** SOURCE MATERIAL follows **

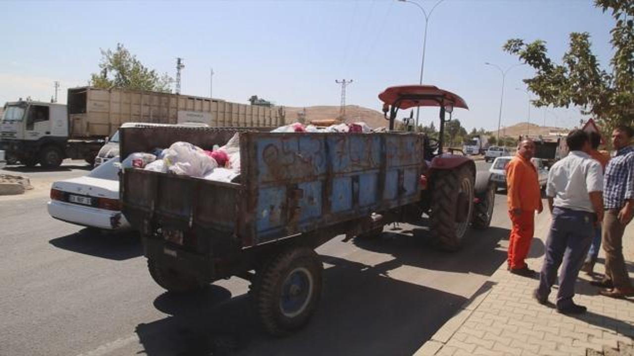 Yenice Mahallesi'nde temizlik görevlisi Ümit Çiftçi (32), traktöre yükledikleri çöpleri toplama alanına götürmek için aracın arkasında oturdu.
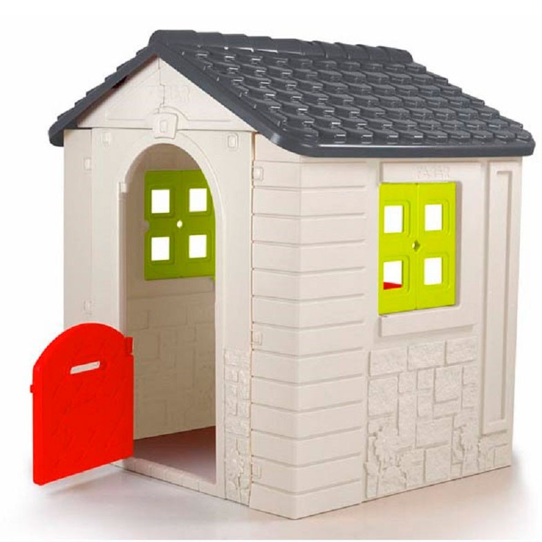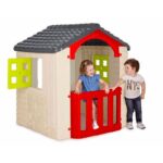 Casita Wonder House de FEBER con puerta delantera que incluye buzón, balcón trasero y dos ventanas que abren y cierran.
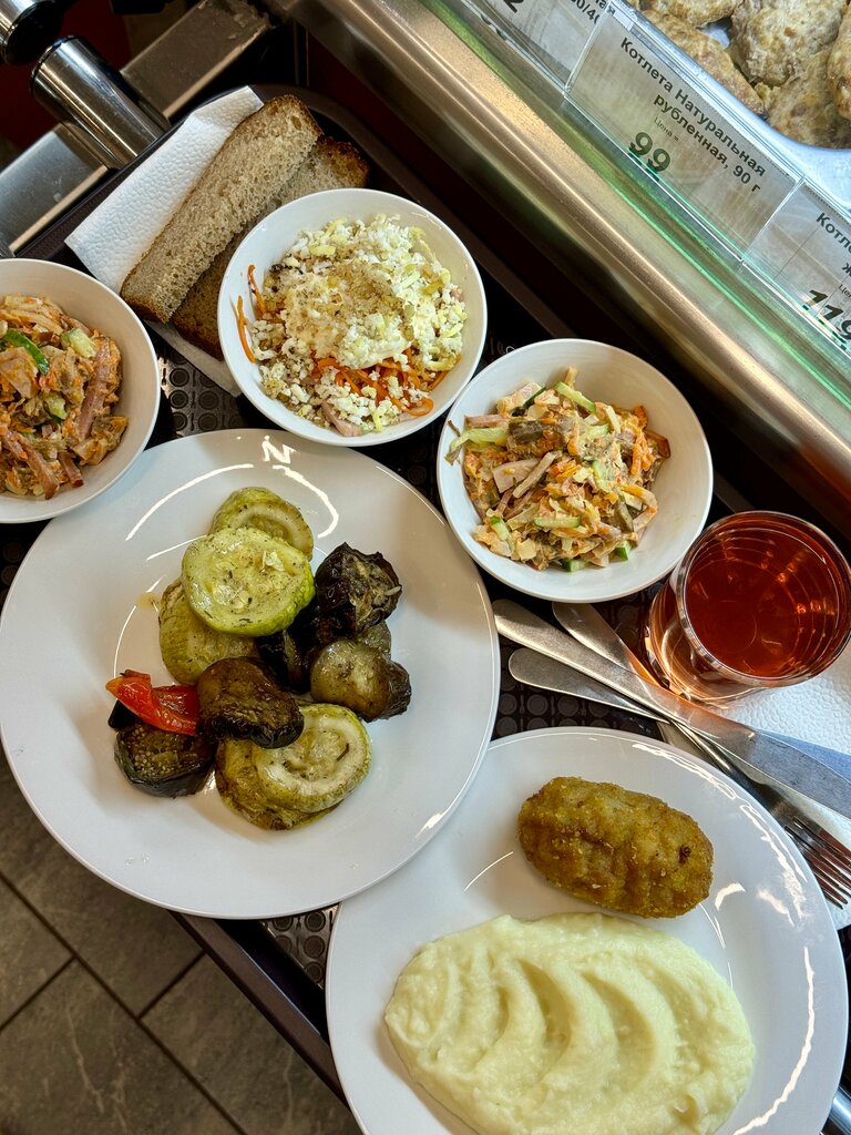 Чисто, уютно. Блюда конечно не большие, особенно супы в чашке почти. Но на 320 рублей: салат, суп, второе с мясом и компот можно получить. Если холодное или не особо горячее, по обе стороны есть микроволновые печи. Так же есть кофемашина, можно сделать себе заварной кофе. Очереди в час пик (13:00) особо нет. Столы и места , где «преземлиться» есть

** End of SOURCE MATERIAL **

#### TO DO:
Before you return the listing, strip out its pictures; all else must match exactly.

#### WORKED SOLUTION:
 Yenice Mahallesi'nde temizlik görevlisi Ümit Çiftçi (32), traktöre yükledikleri çöpleri toplama alanına götürmek için aracın arkasında oturdu.
 Casita Wonder House de FEBER con puerta delantera que incluye buzón, balcón trasero y dos ventanas que abren y cierran.
 Чисто, уютно. Блюда конечно не большие, особенно супы в чашке почти. Но на 320 рублей: салат, суп, второе с мясом и компот можно получить. Если холодное или не особо горячее, по обе стороны есть микроволновые печи. Так же есть кофемашина, можно сделать себе заварной кофе. Очереди в час пик (13:00) особо нет. Столы и места , где «преземлиться» есть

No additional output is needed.